Kondisi ini tentunya harus segera di tanggapi oleh Walikota Tarakan dr.Khairul,M.Kes, dengan melakukan penyegaran di manajemen maupun pada anggota Direksi PDAM Tarakan, baik dengan melakukan penggantian Direksi maupun mencegah naikknya biaya tarif abodemen di tengah terseoknya stabilitas ekonomi nasional saat ini.
hal ini tentunya untuk mencegah terjadinya gejolak amarah publik yang mungkin saja dapat bermuara pada terganggunya keamanan, kondisifitas, dan keambrukan ekonomi di Kota Tarakan. Masyarakat Kota Tarakan sudah jenuh melihat Direksi PDAM yang dengan segala upaya memeras keringat hanya untuk menyenangkan kepala daerah dan tidak perduli kepada keadaan ekonomi masyarakat setempat serta tidak memperdulikan serangkaian aturan yang seharusnya menjadi acuan dalam melaksanakan tugas pelayanan kepada masyarakat.

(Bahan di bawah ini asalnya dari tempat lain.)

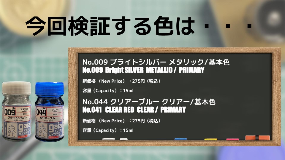 今回比較検証する塗料は、ガイアカラー No.009 ブライトシルバー + No.041 クリアーレッドです。
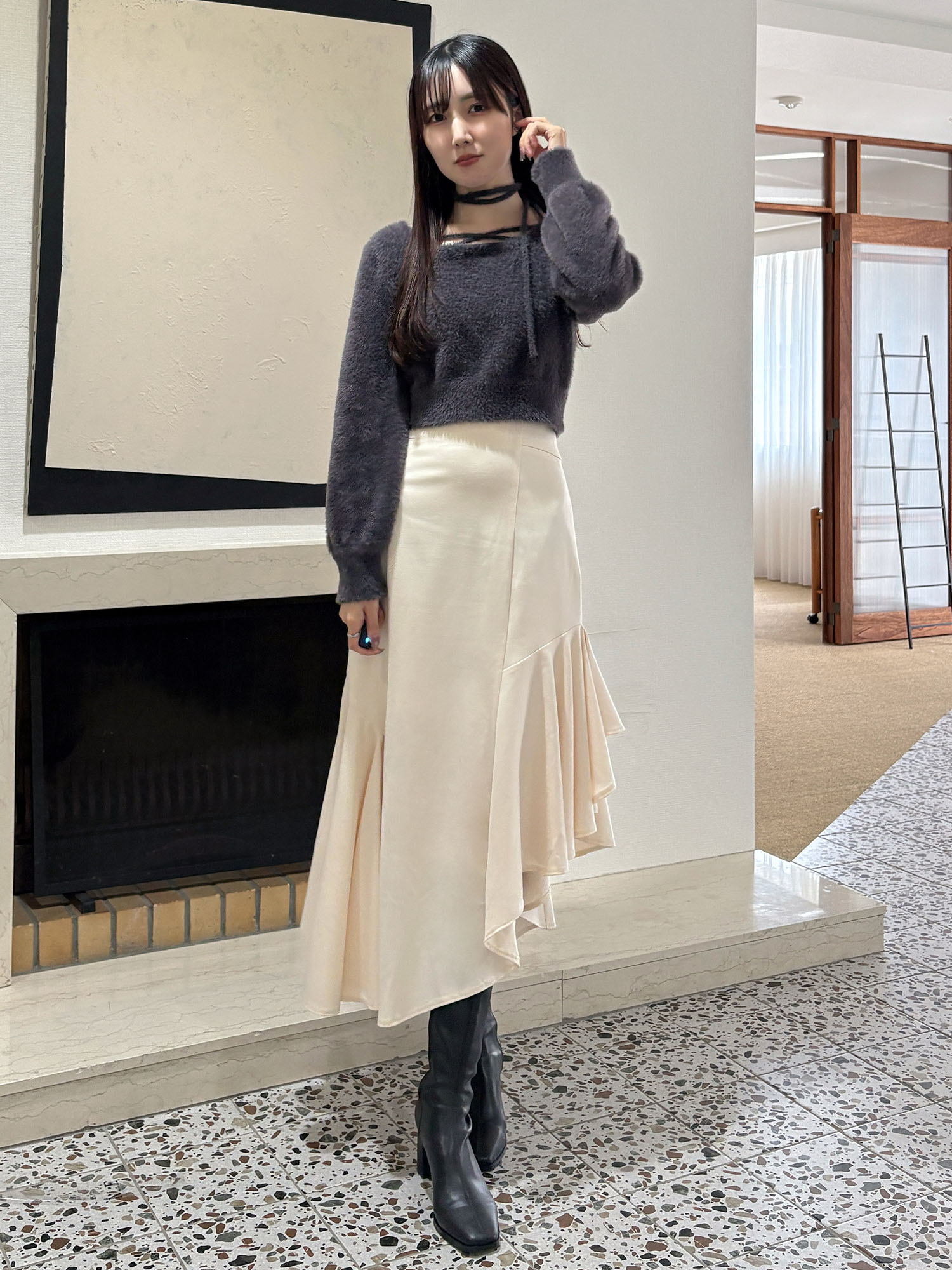 【スカート】コルセットを巻いているかのように、ウエストが絞られて見えてスタイルが良くみえるマーメイドスカートです♡歩くたび揺れ動く裾が女性らしくてとっても素敵です。どのトップスとも相性抜群なので、コーデを考えるのが楽ちんですね♡
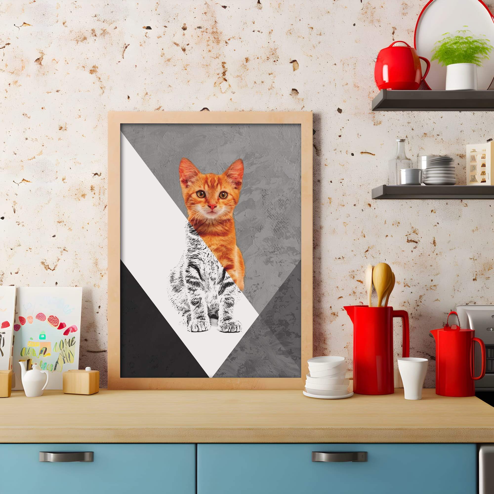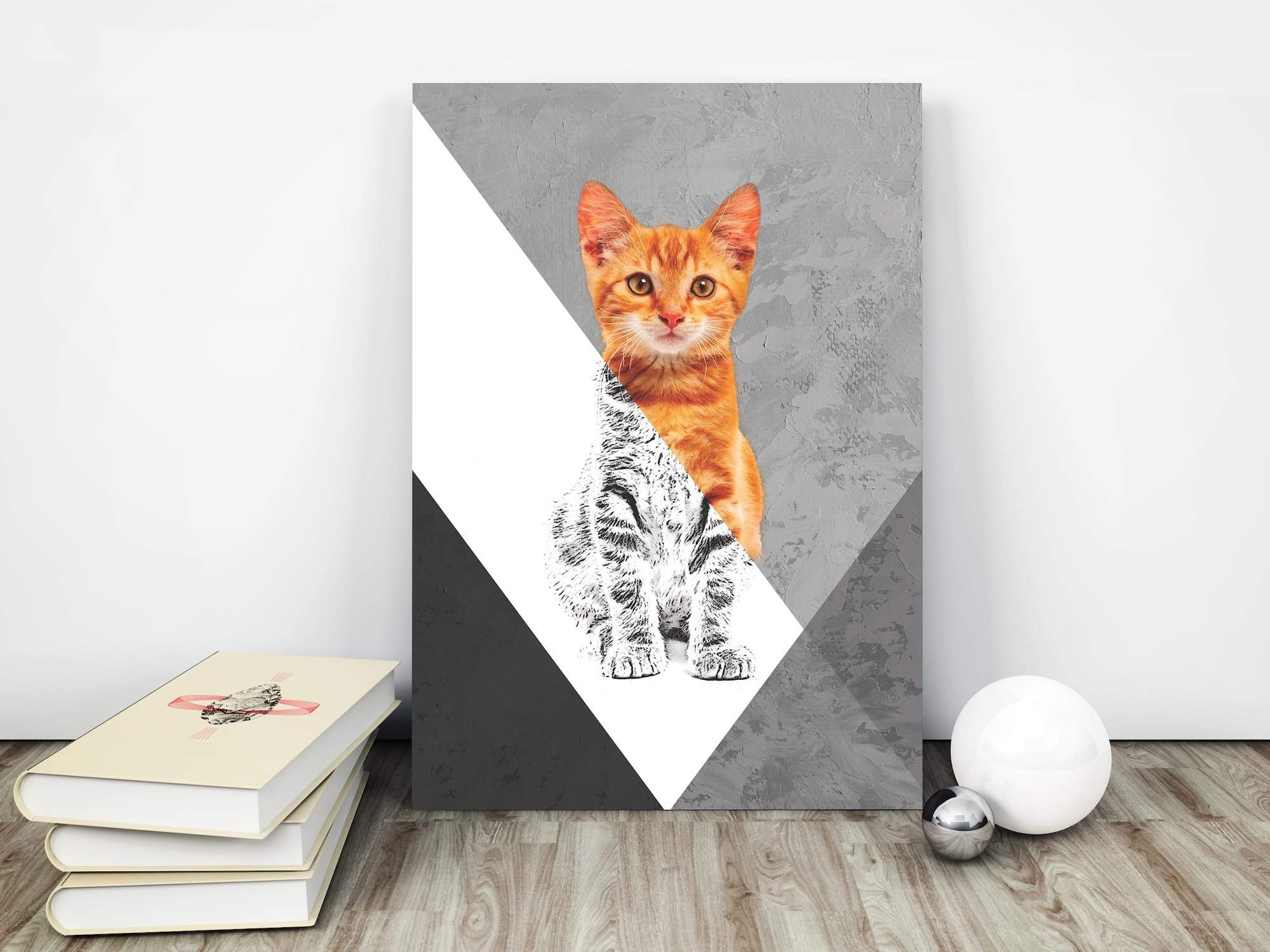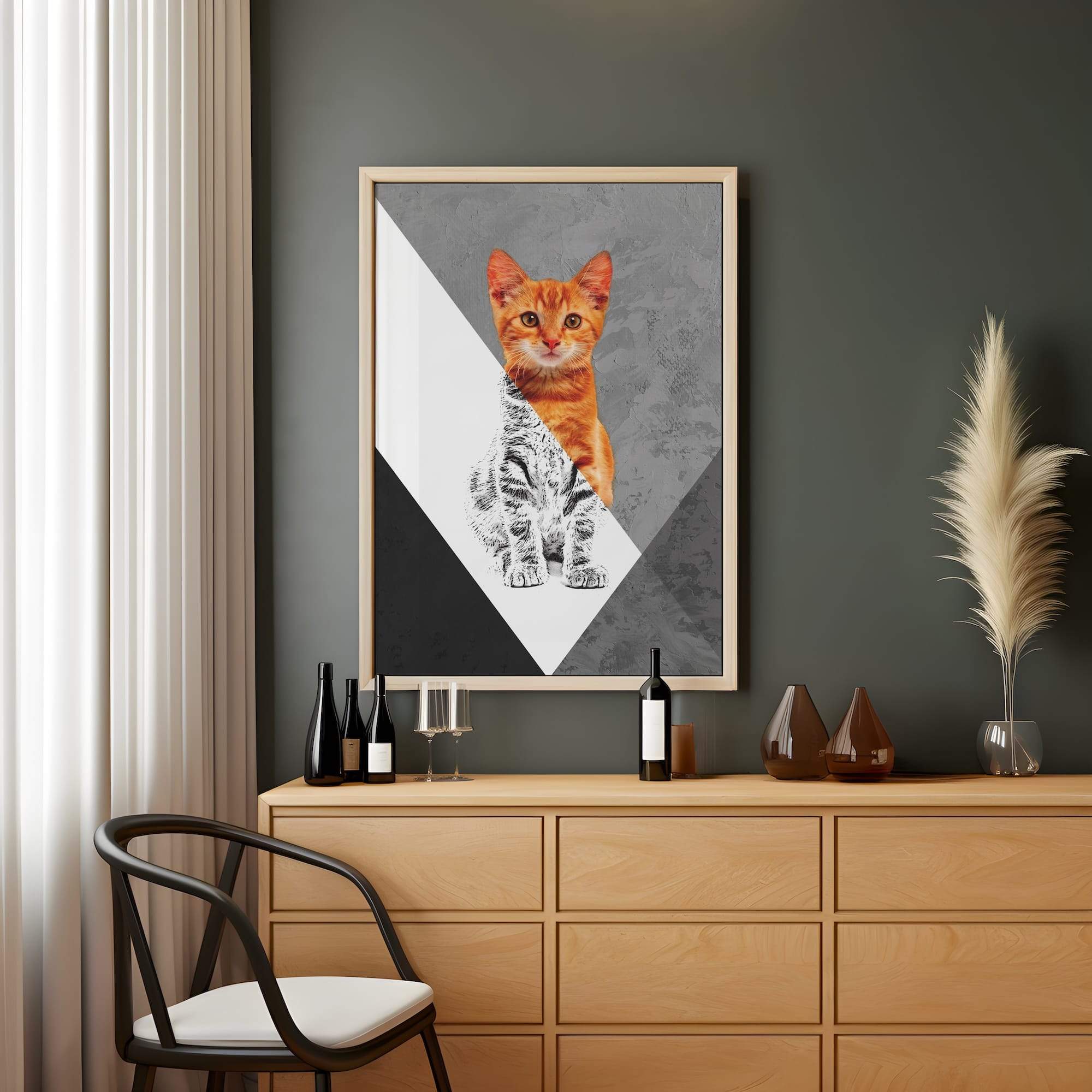 Sweetness meets artistry in this charming orange tabby’s dual-world existence. The sketch split design captures feline curiosity in its purest form—half rendered in warm, realistic tones, half dancing in delicate pencil strokes. Those knowing kitten eyes seem to follow your daily rhythms with gentle amusement, while the minimalist approach keeps the focus on pure, unadorned charm. The matte canvas texture adds a softness that mirrors actual fur, creating an almost tactile warmth. This piece finds its home in cozy reading corners, sunlit kitchen nooks, or anywhere that celebrates life’s simpler pleasures. A gentle reminder that sometimes the most profound art comes in the smallest, most loving packages.

Pada kesimpulannya kita bisa bersepekulasi jika Perumda Tirta Alam Kota Tarakan sejak kepemimpinan Walikota Tarakan dr. Khairul, M.Kes, benar – benar diperkosa dengan menggunakan kekuatan abuse of power karena telah menabrak seluruh peraturan perundang – undangan dan aturan yang berlaku di Indonesia. Selain itu, pelanggaran administrasi dan tata kelola administrasi pemerintahan yang amburadul melengkapi poin Perumda Tirta Alam sebagai Perumda yang telah melakukan tindakan maladministrasi terbanyak di Kota Tarakan.